> Exercise directions: Keep the lines exact and the pictures out as you repeat the following listing.

> Material provided:
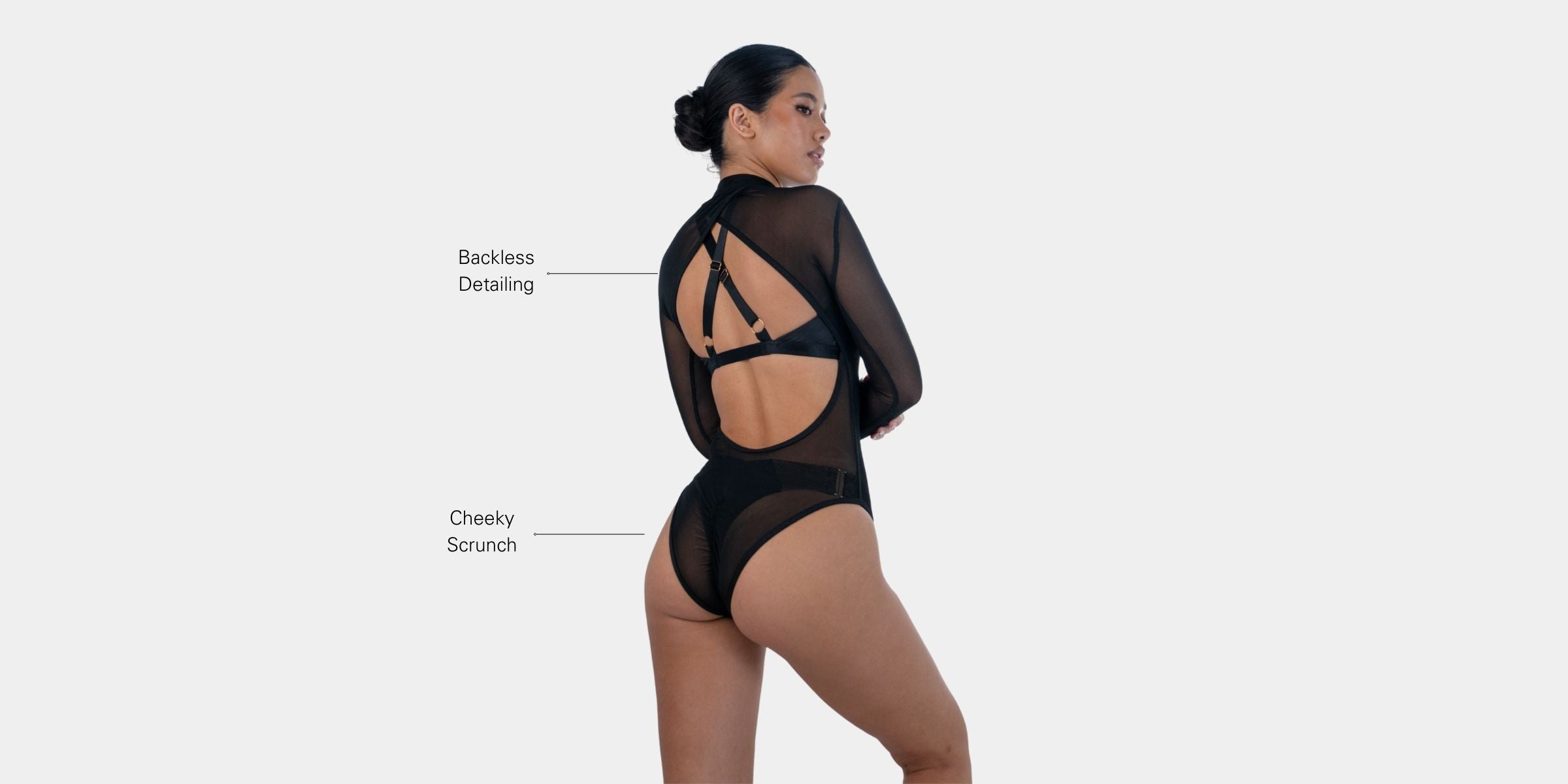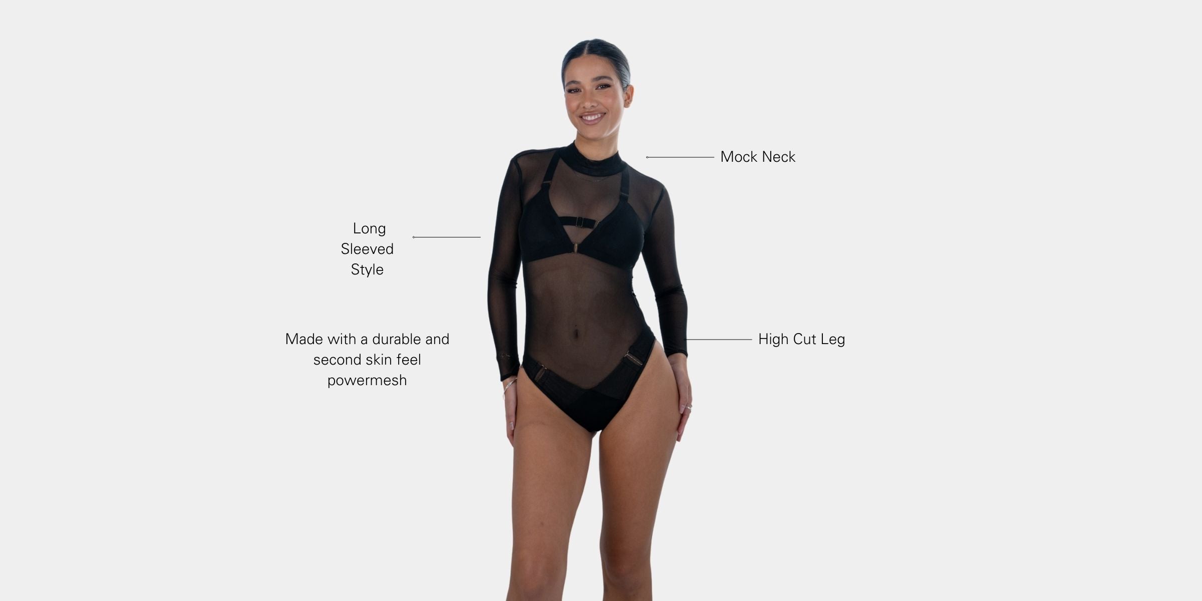 Magnus Long Sleeve Mesh Mock Neck Bodysuit - Black
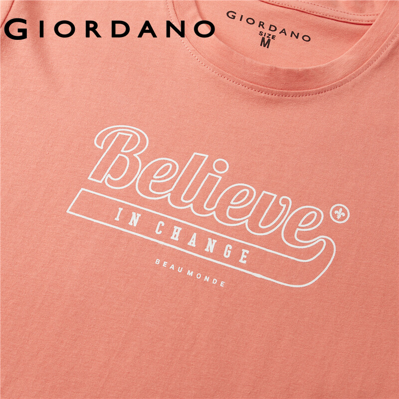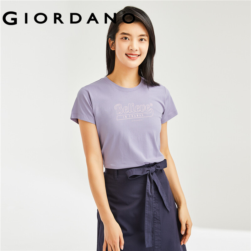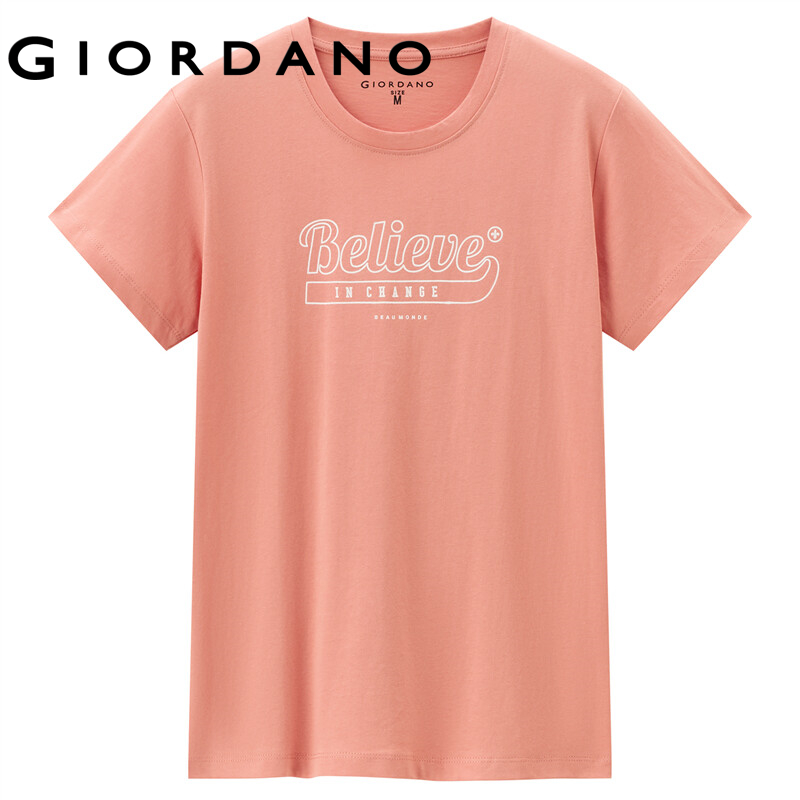 GIORDANO Women T-Shirts Letter Print 100% Cotton Summer Casual T-Shirts Crewneck Short Sleeve Simple Basic T-Shirts 13392201
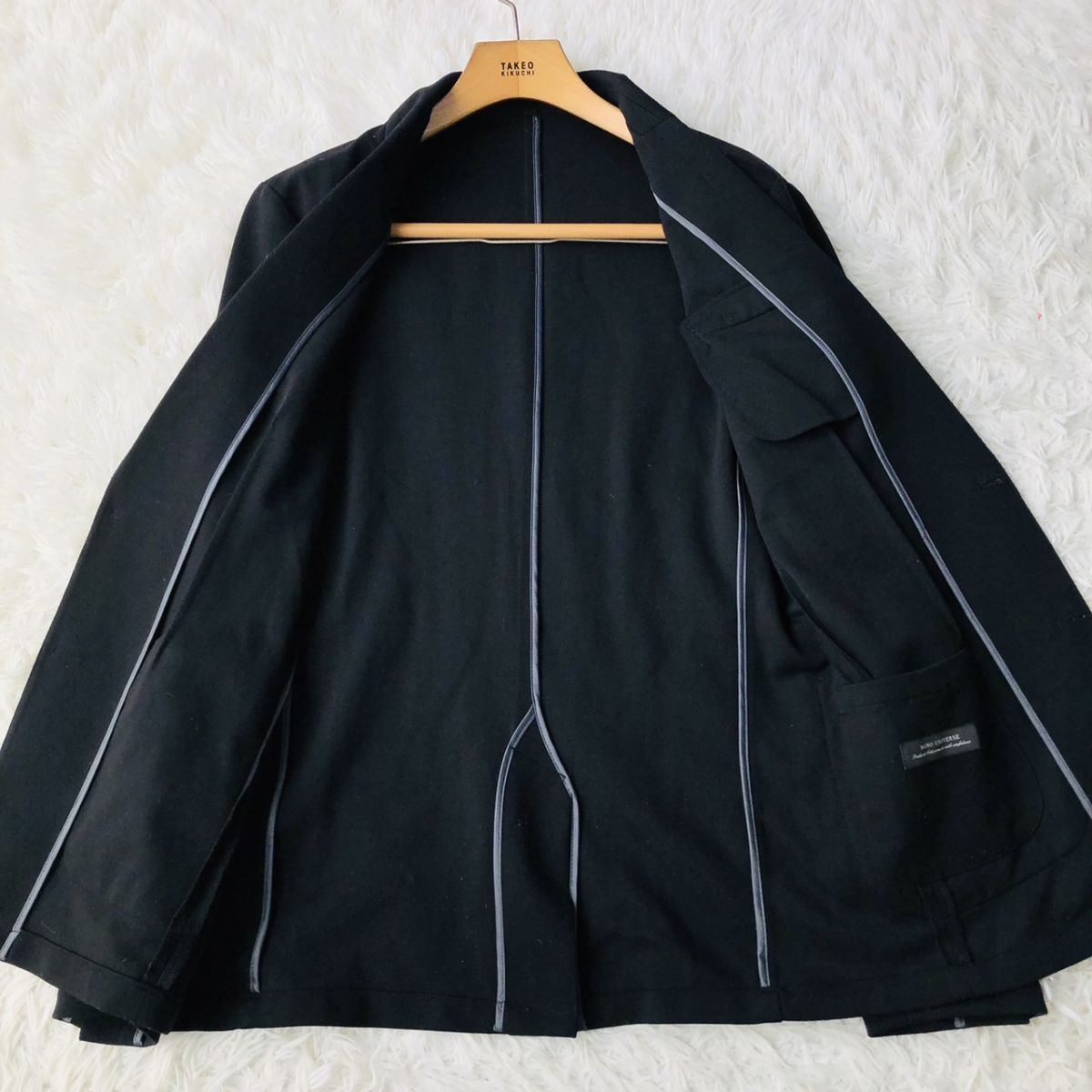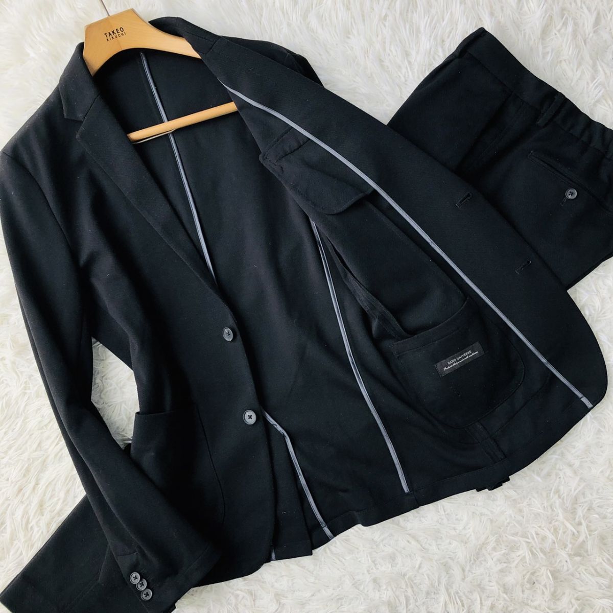 NANO UNIVERSE (ナノユニバース)スーツ セットアップ テーラードジャケット L ブラック SOLOTEX ストレッチ センターベンド 101

> Exercise response:
 Magnus Long Sleeve Mesh Mock Neck Bodysuit - Black
 GIORDANO Women T-Shirts Letter Print 100% Cotton Summer Casual T-Shirts Crewneck Short Sleeve Simple Basic T-Shirts 13392201
 NANO UNIVERSE (ナノユニバース)スーツ セットアップ テーラードジャケット L ブラック SOLOTEX ストレッチ センターベンド 101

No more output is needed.